Provided information -
Segment Open
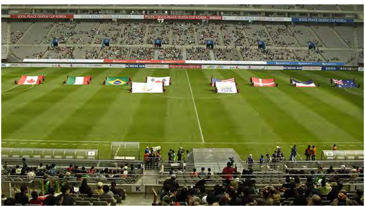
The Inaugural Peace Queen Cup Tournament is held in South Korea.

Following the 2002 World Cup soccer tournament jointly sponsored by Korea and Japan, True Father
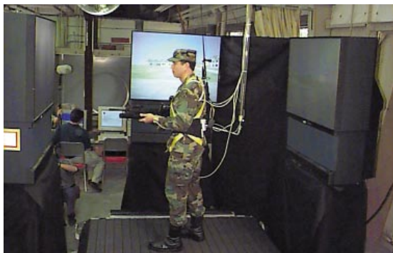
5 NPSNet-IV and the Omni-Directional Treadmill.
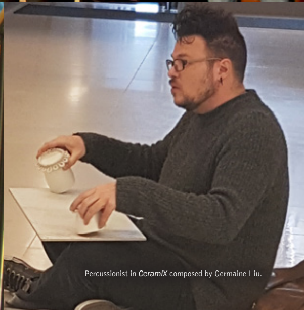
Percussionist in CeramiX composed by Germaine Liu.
Segment Closed
Segment Open
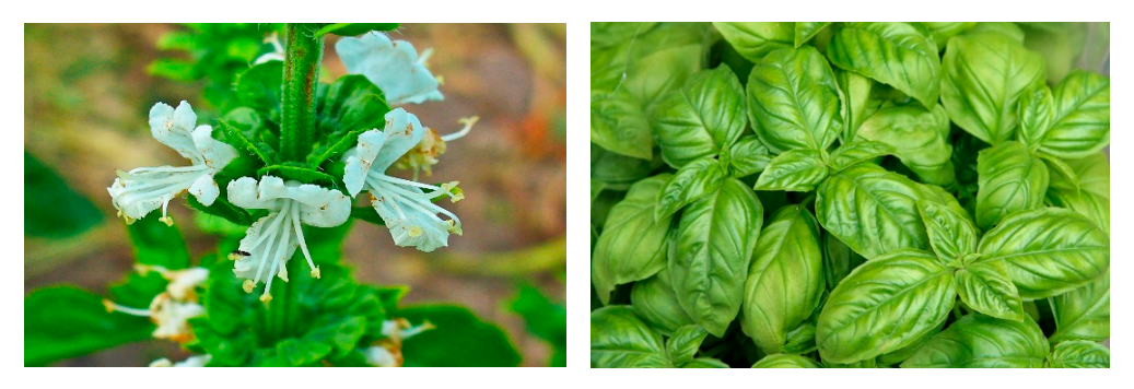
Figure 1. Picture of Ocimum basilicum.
Segment Closed
Segment Open
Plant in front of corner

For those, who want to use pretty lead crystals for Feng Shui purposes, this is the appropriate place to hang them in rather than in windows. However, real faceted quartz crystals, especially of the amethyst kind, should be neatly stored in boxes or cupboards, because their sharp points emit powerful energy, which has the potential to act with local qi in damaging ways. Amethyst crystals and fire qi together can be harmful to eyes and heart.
Segment Closed
What you should do - Both the line above containing "The Inaugural Peace" and the line containing "Percussionist in CeramiX" belong in the copy, along with every line between them; print these exactly and omit the pictures.

Output for this exercise -
The Inaugural Peace Queen Cup Tournament is held in South Korea.

Following the 2002 World Cup soccer tournament jointly sponsored by Korea and Japan, True Father
5 NPSNet-IV and the Omni-Directional Treadmill.
Percussionist in CeramiX composed by Germaine Liu.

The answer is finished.